──────── Data supplied ────────

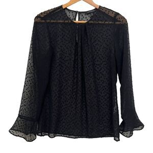 Banana Republic Blouse, Black, Sheer, Swiss Dot, Bell Sleeves Size XS
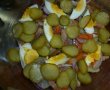 se toarna peste salata, amestecand usor sa nu zdrobim prea tare ouale.
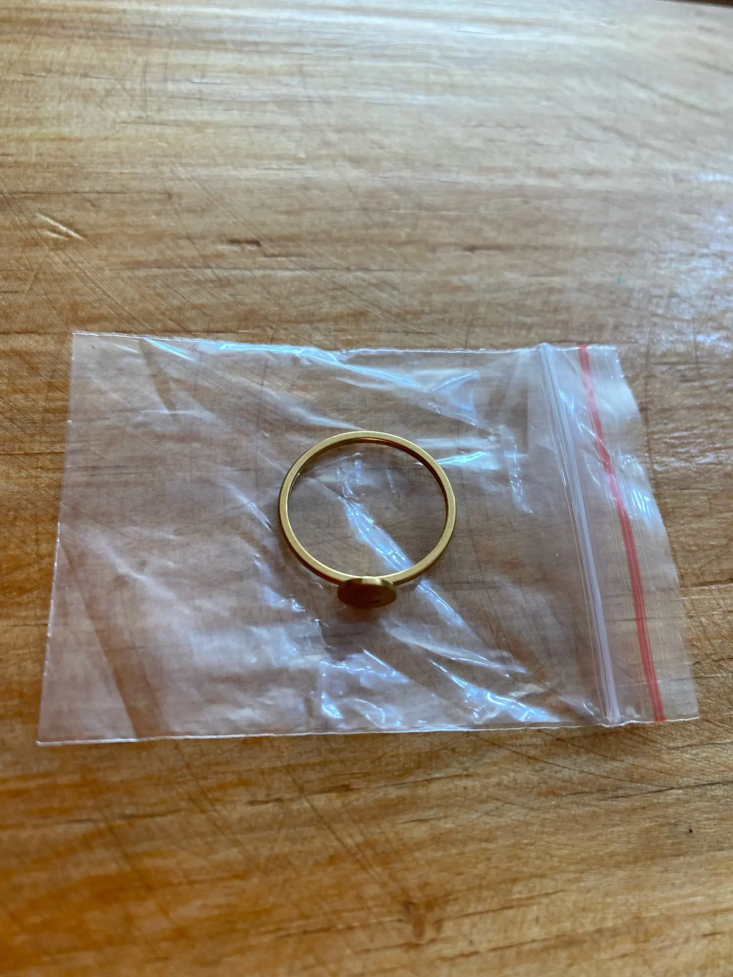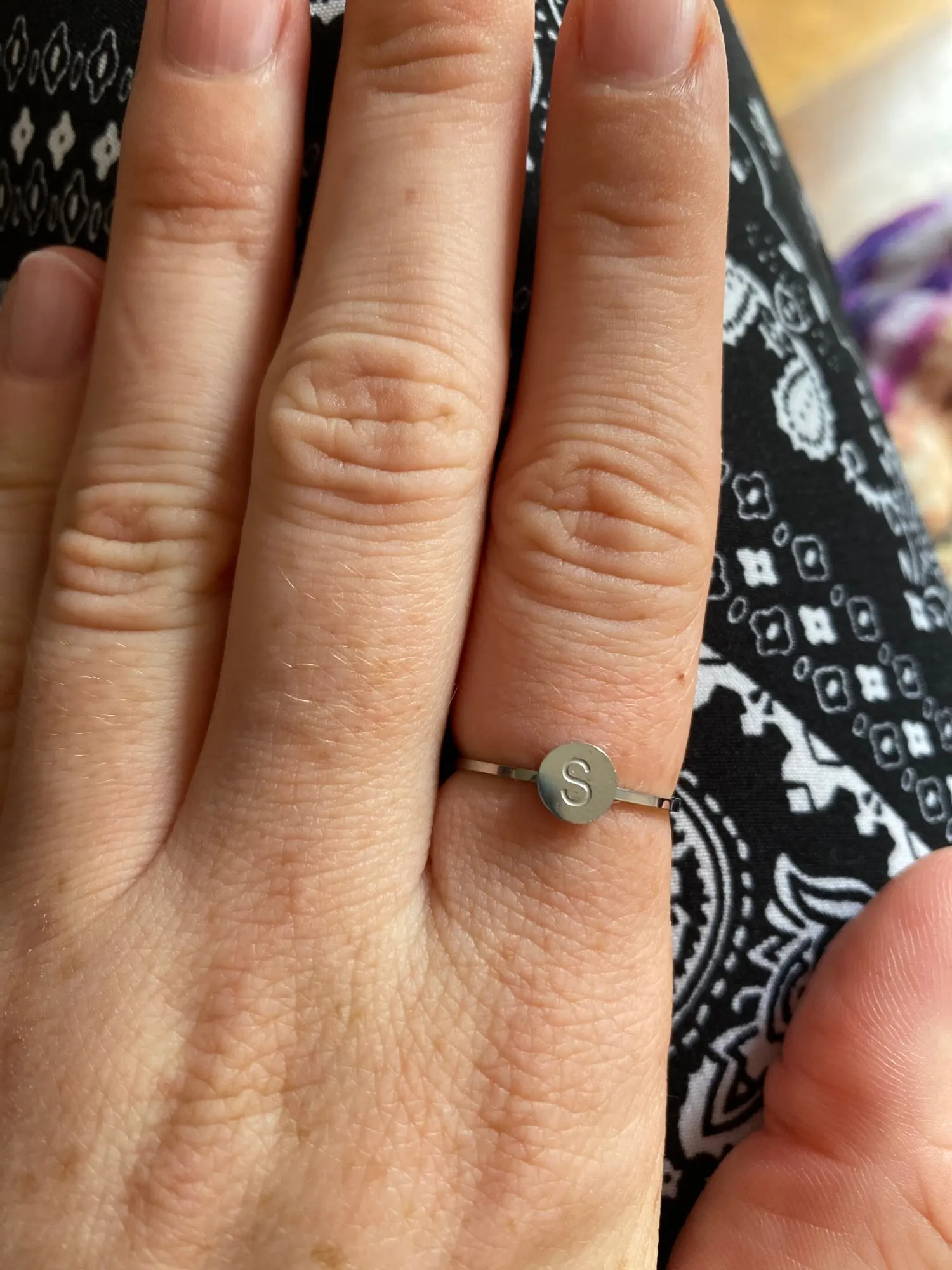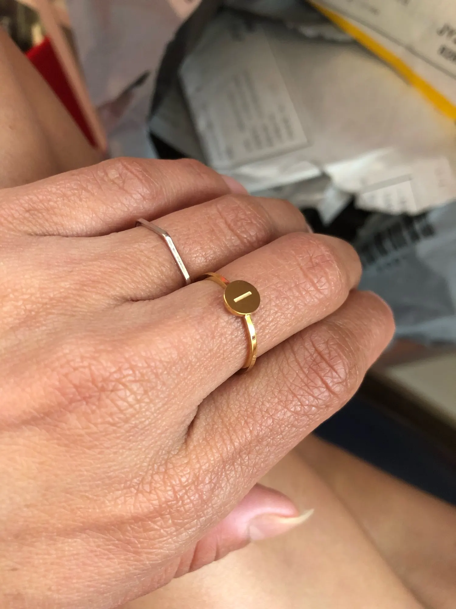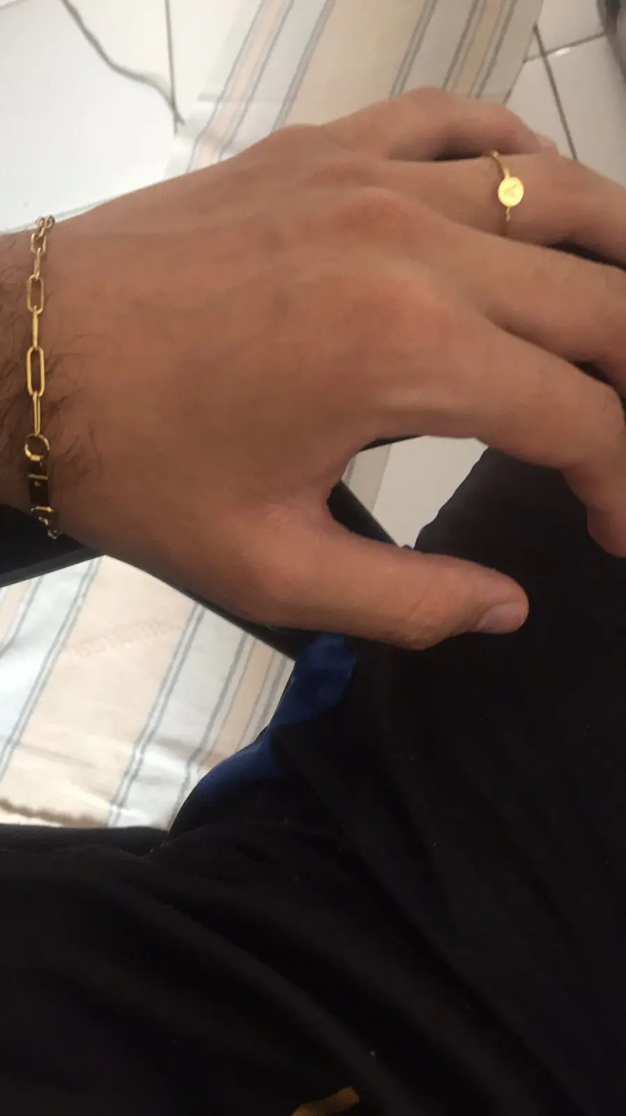 Это очень мило! Может быть, было бы лучше взять на один размер меньше, потому что я думаю, что это будет лучше на безымянном пальце. В противном случае, очень хорошо. Золото красивое, а гравировка идеальная. Это просто и деликатно, и поскольку это нержавеющая сталь, ее можно без проблем намочить, что она не станет уродливой. Правда в том, что за свою цену оно того стоит.
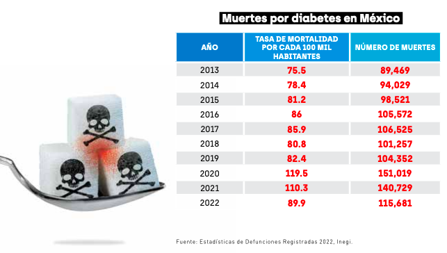 Hasta el momento, la tasa de mortalidad por diabetes crece paulatinamente. Para 2019 se ubicó en 82.4. En 2020 y 2021, como consecuencia indirecta de la pandemia de COVID-19, que generó un exceso de muertes en otros padecimientos que fueron desatendidos durante la emergencia sanitaria, los decesos por diabetes se dispararon a 119.5 y 110.3 por cada 100 mil habitantes.
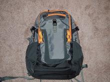 grey and orange patagonia backpack. inside is a laptop, charger, and schoolwork (textbooks, etc...)
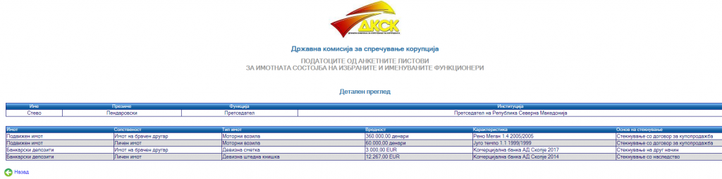 На веб страната на Државната комисија за спречување на корупцијата е објавен неговиот анкетен лист кој го поднел откако станал претседател.
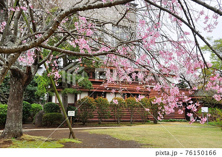 神奈川県藤沢市 秩父宮記念体育館に隣接する旧近藤邸とシダレザクラ
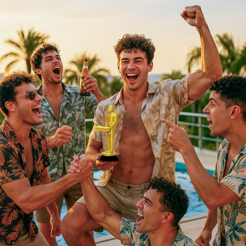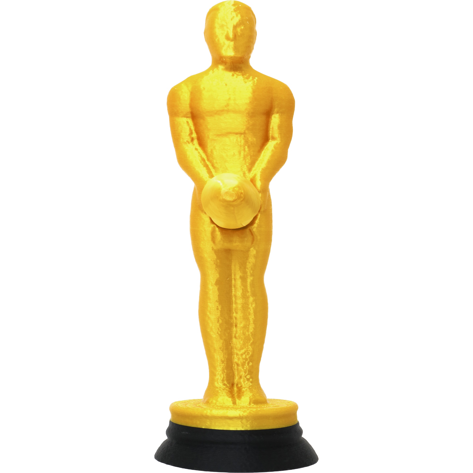• Glänzende Goldoberfläche, die an eine klassische Statuette erinnert.

────────

Aim of the exercise:
The lines to be quoted run from the line containing "Это очень мило!" through the end of the entries above, both included; quote them exactly and leave out any pictures.

Response to the task:
 Это очень мило! Может быть, было бы лучше взять на один размер меньше, потому что я думаю, что это будет лучше на безымянном пальце. В противном случае, очень хорошо. Золото красивое, а гравировка идеальная. Это просто и деликатно, и поскольку это нержавеющая сталь, ее можно без проблем намочить, что она не станет уродливой. Правда в том, что за свою цену оно того стоит.
 Hasta el momento, la tasa de mortalidad por diabetes crece paulatinamente. Para 2019 se ubicó en 82.4. En 2020 y 2021, como consecuencia indirecta de la pandemia de COVID-19, que generó un exceso de muertes en otros padecimientos que fueron desatendidos durante la emergencia sanitaria, los decesos por diabetes se dispararon a 119.5 y 110.3 por cada 100 mil habitantes.
 grey and orange patagonia backpack. inside is a laptop, charger, and schoolwork (textbooks, etc...)
 На веб страната на Државната комисија за спречување на корупцијата е објавен неговиот анкетен лист кој го поднел откако станал претседател.
 神奈川県藤沢市 秩父宮記念体育館に隣接する旧近藤邸とシダレザクラ
• Glänzende Goldoberfläche, die an eine klassische Statuette erinnert.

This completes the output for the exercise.